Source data
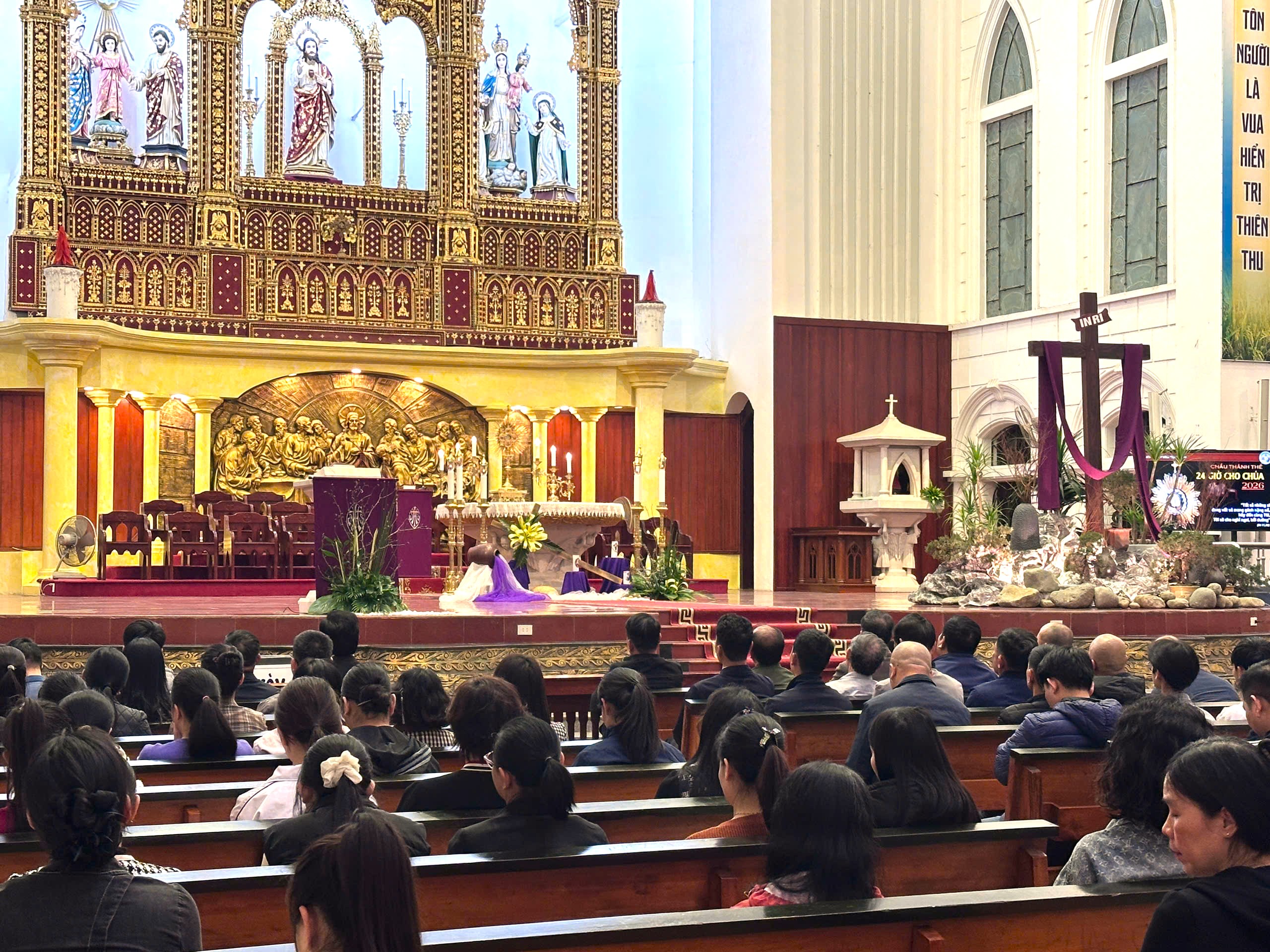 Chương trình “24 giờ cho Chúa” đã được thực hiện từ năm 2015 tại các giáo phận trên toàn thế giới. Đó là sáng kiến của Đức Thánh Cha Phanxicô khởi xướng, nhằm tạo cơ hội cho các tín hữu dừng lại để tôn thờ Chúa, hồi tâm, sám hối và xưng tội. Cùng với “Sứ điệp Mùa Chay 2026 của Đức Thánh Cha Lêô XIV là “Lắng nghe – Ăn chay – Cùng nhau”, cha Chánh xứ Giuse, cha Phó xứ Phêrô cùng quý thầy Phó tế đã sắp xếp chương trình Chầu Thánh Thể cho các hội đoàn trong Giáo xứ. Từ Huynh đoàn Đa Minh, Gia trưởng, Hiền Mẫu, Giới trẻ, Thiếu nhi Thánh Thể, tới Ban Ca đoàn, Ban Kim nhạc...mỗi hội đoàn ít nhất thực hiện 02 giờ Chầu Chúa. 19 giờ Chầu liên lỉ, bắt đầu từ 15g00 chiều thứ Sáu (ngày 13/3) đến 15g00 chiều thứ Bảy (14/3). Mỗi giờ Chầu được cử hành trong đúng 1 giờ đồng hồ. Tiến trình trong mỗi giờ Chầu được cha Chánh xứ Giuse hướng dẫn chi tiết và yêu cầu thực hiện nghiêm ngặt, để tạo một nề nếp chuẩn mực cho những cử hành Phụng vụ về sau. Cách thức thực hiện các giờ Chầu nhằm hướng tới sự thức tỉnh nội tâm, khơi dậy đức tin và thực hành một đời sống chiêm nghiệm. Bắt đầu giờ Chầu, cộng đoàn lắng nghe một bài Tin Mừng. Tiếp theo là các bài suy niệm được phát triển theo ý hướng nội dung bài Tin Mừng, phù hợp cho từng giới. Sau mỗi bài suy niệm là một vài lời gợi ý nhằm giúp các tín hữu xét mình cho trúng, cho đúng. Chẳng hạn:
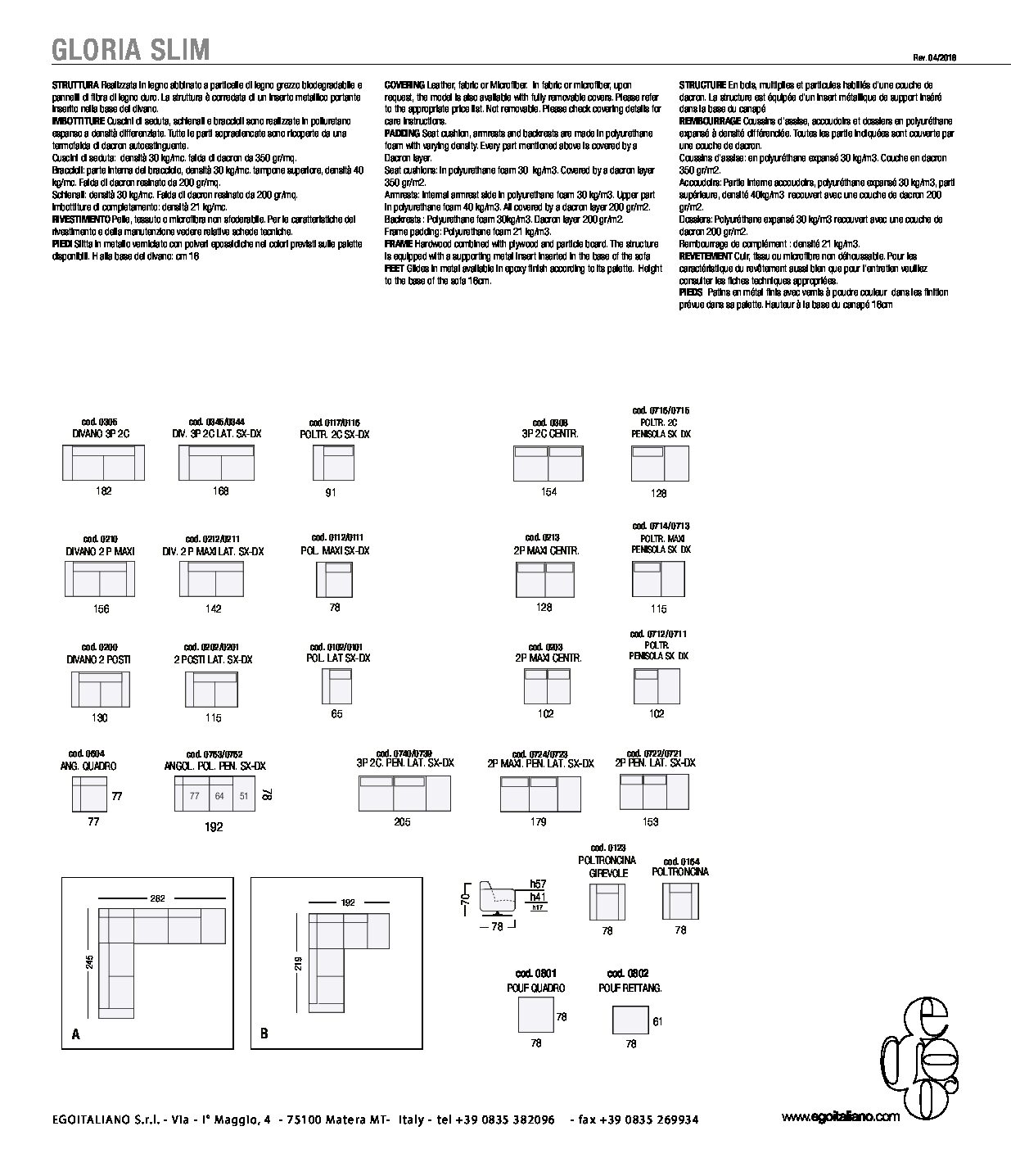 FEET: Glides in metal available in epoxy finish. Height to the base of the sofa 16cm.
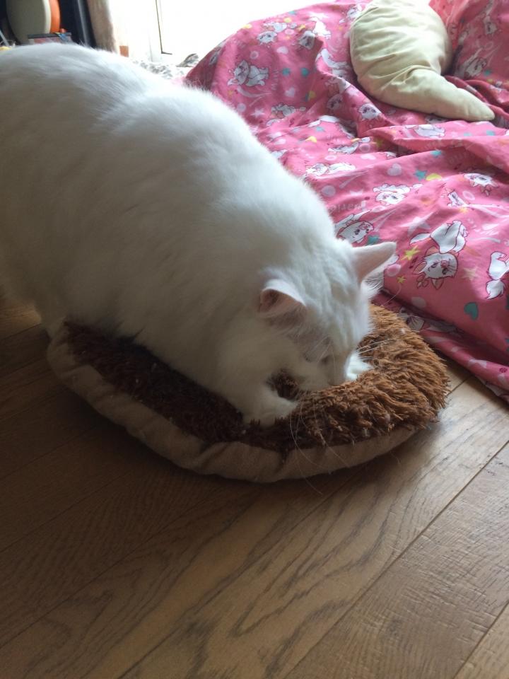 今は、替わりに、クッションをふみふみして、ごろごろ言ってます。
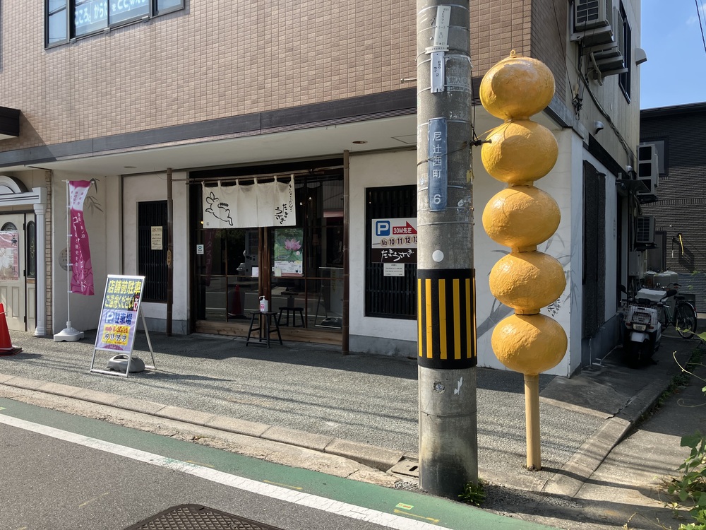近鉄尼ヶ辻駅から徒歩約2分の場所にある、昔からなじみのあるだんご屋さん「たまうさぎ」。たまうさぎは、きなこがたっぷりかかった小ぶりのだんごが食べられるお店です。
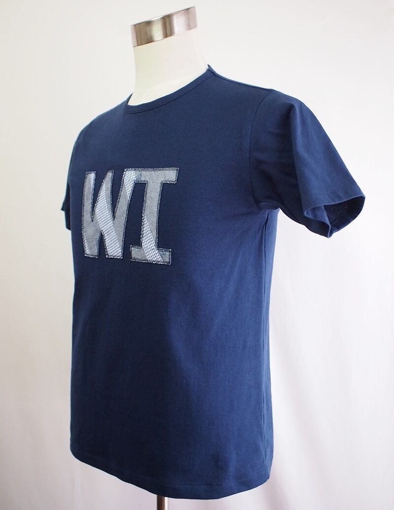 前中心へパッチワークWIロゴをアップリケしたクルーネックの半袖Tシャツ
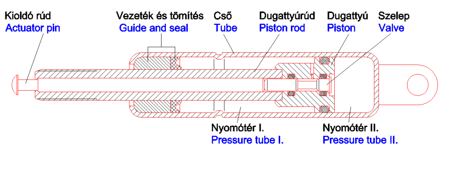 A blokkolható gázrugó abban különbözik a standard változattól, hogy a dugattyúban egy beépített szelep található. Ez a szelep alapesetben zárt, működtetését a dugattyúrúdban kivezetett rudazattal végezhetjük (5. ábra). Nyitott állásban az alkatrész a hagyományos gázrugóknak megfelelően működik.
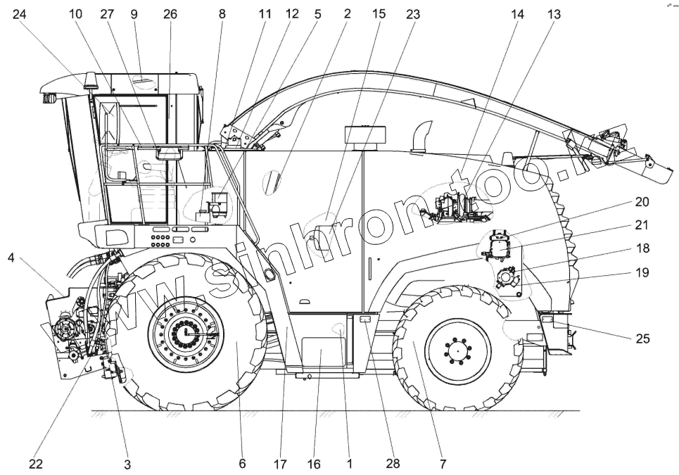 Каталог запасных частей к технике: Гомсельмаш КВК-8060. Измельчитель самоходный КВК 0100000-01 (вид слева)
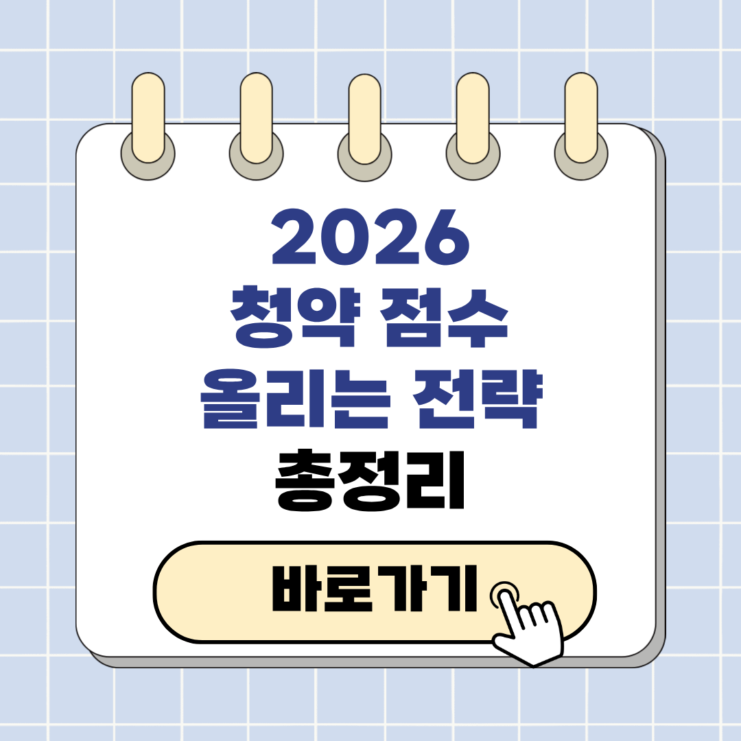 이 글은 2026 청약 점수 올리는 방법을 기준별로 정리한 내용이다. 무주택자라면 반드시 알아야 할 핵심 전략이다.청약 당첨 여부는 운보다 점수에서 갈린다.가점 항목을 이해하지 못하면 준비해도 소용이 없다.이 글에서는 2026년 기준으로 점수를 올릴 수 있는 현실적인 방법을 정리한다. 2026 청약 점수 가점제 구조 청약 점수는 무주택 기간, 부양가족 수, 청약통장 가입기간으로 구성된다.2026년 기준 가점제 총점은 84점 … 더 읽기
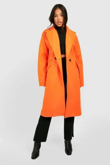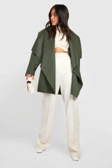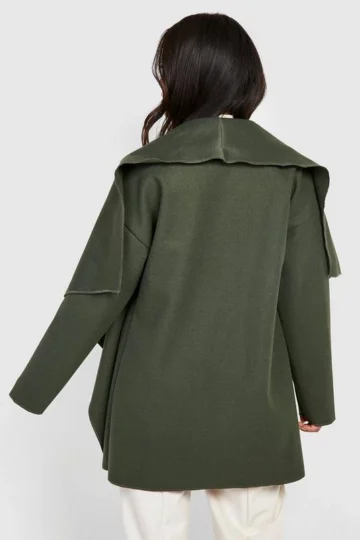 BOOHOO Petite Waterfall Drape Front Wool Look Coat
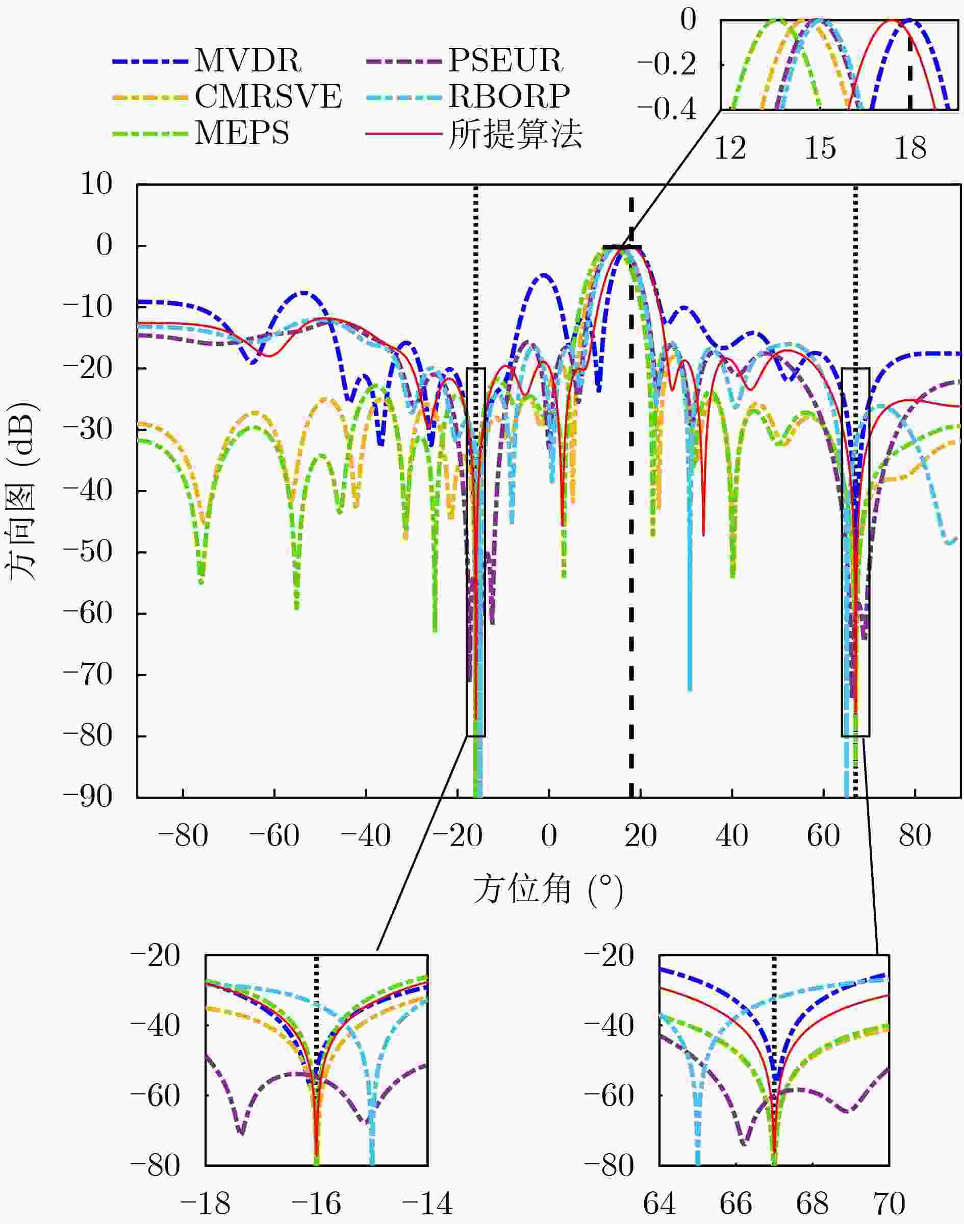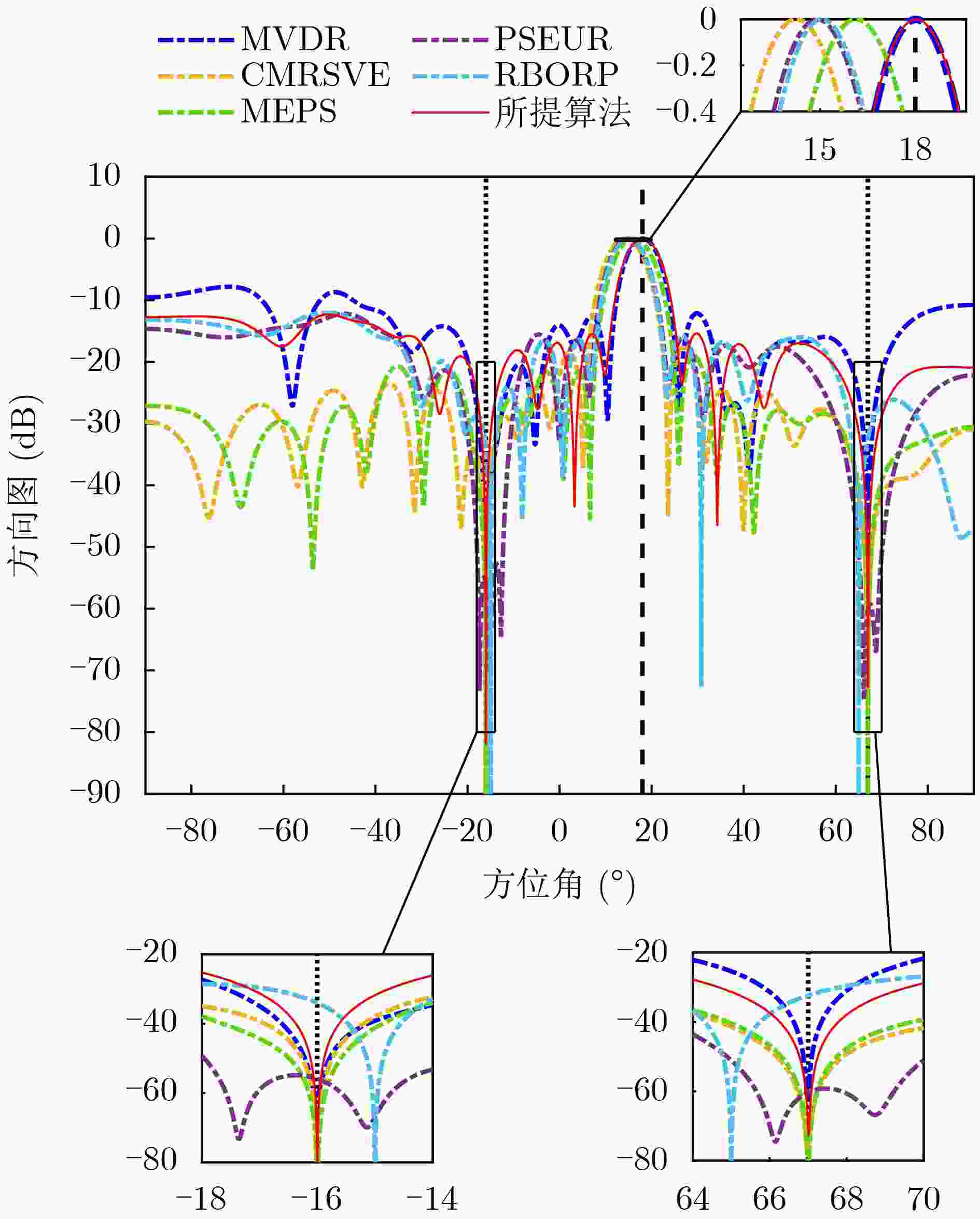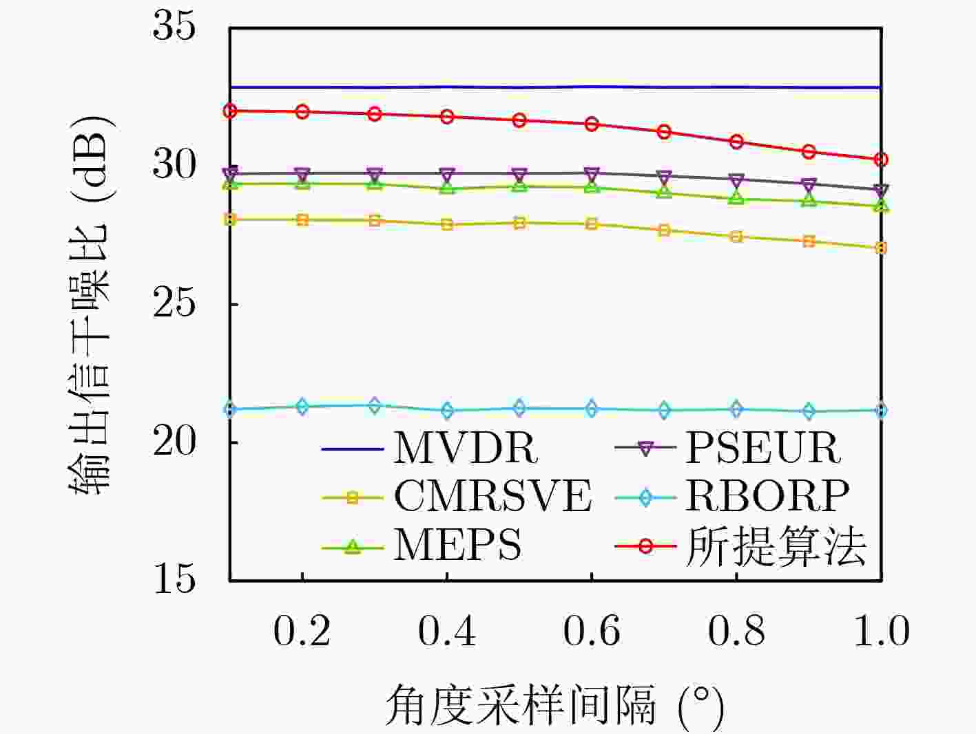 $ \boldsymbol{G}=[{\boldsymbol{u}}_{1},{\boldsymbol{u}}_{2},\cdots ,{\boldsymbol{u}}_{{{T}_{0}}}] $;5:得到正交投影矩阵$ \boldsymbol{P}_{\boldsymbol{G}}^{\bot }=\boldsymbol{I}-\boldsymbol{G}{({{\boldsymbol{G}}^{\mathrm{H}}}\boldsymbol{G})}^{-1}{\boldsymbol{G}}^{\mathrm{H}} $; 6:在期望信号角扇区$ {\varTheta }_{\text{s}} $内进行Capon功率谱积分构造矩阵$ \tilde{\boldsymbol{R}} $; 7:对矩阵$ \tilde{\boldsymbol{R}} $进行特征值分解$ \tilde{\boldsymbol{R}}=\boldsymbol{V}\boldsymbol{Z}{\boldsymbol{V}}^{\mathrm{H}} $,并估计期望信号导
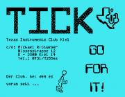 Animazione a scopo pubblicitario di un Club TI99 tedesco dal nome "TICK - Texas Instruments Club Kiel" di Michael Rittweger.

• _Task brief_
Stop after the line containing "BOOHOO Petite Waterfall": copy the records exactly from the first line up to there, leaving pictures out.

• _Response to the exercise_
 Chương trình “24 giờ cho Chúa” đã được thực hiện từ năm 2015 tại các giáo phận trên toàn thế giới. Đó là sáng kiến của Đức Thánh Cha Phanxicô khởi xướng, nhằm tạo cơ hội cho các tín hữu dừng lại để tôn thờ Chúa, hồi tâm, sám hối và xưng tội. Cùng với “Sứ điệp Mùa Chay 2026 của Đức Thánh Cha Lêô XIV là “Lắng nghe – Ăn chay – Cùng nhau”, cha Chánh xứ Giuse, cha Phó xứ Phêrô cùng quý thầy Phó tế đã sắp xếp chương trình Chầu Thánh Thể cho các hội đoàn trong Giáo xứ. Từ Huynh đoàn Đa Minh, Gia trưởng, Hiền Mẫu, Giới trẻ, Thiếu nhi Thánh Thể, tới Ban Ca đoàn, Ban Kim nhạc...mỗi hội đoàn ít nhất thực hiện 02 giờ Chầu Chúa. 19 giờ Chầu liên lỉ, bắt đầu từ 15g00 chiều thứ Sáu (ngày 13/3) đến 15g00 chiều thứ Bảy (14/3). Mỗi giờ Chầu được cử hành trong đúng 1 giờ đồng hồ. Tiến trình trong mỗi giờ Chầu được cha Chánh xứ Giuse hướng dẫn chi tiết và yêu cầu thực hiện nghiêm ngặt, để tạo một nề nếp chuẩn mực cho những cử hành Phụng vụ về sau. Cách thức thực hiện các giờ Chầu nhằm hướng tới sự thức tỉnh nội tâm, khơi dậy đức tin và thực hành một đời sống chiêm nghiệm. Bắt đầu giờ Chầu, cộng đoàn lắng nghe một bài Tin Mừng. Tiếp theo là các bài suy niệm được phát triển theo ý hướng nội dung bài Tin Mừng, phù hợp cho từng giới. Sau mỗi bài suy niệm là một vài lời gợi ý nhằm giúp các tín hữu xét mình cho trúng, cho đúng. Chẳng hạn:
 FEET: Glides in metal available in epoxy finish. Height to the base of the sofa 16cm.
 今は、替わりに、クッションをふみふみして、ごろごろ言ってます。
近鉄尼ヶ辻駅から徒歩約2分の場所にある、昔からなじみのあるだんご屋さん「たまうさぎ」。たまうさぎは、きなこがたっぷりかかった小ぶりのだんごが食べられるお店です。
 前中心へパッチワークWIロゴをアップリケしたクルーネックの半袖Tシャツ
 A blokkolható gázrugó abban különbözik a standard változattól, hogy a dugattyúban egy beépített szelep található. Ez a szelep alapesetben zárt, működtetését a dugattyúrúdban kivezetett rudazattal végezhetjük (5. ábra). Nyitott állásban az alkatrész a hagyományos gázrugóknak megfelelően működik.
 Каталог запасных частей к технике: Гомсельмаш КВК-8060. Измельчитель самоходный КВК 0100000-01 (вид слева)
 이 글은 2026 청약 점수 올리는 방법을 기준별로 정리한 내용이다. 무주택자라면 반드시 알아야 할 핵심 전략이다.청약 당첨 여부는 운보다 점수에서 갈린다.가점 항목을 이해하지 못하면 준비해도 소용이 없다.이 글에서는 2026년 기준으로 점수를 올릴 수 있는 현실적인 방법을 정리한다. 2026 청약 점수 가점제 구조 청약 점수는 무주택 기간, 부양가족 수, 청약통장 가입기간으로 구성된다.2026년 기준 가점제 총점은 84점 … 더 읽기
 BOOHOO Petite Waterfall Drape Front Wool Look Coat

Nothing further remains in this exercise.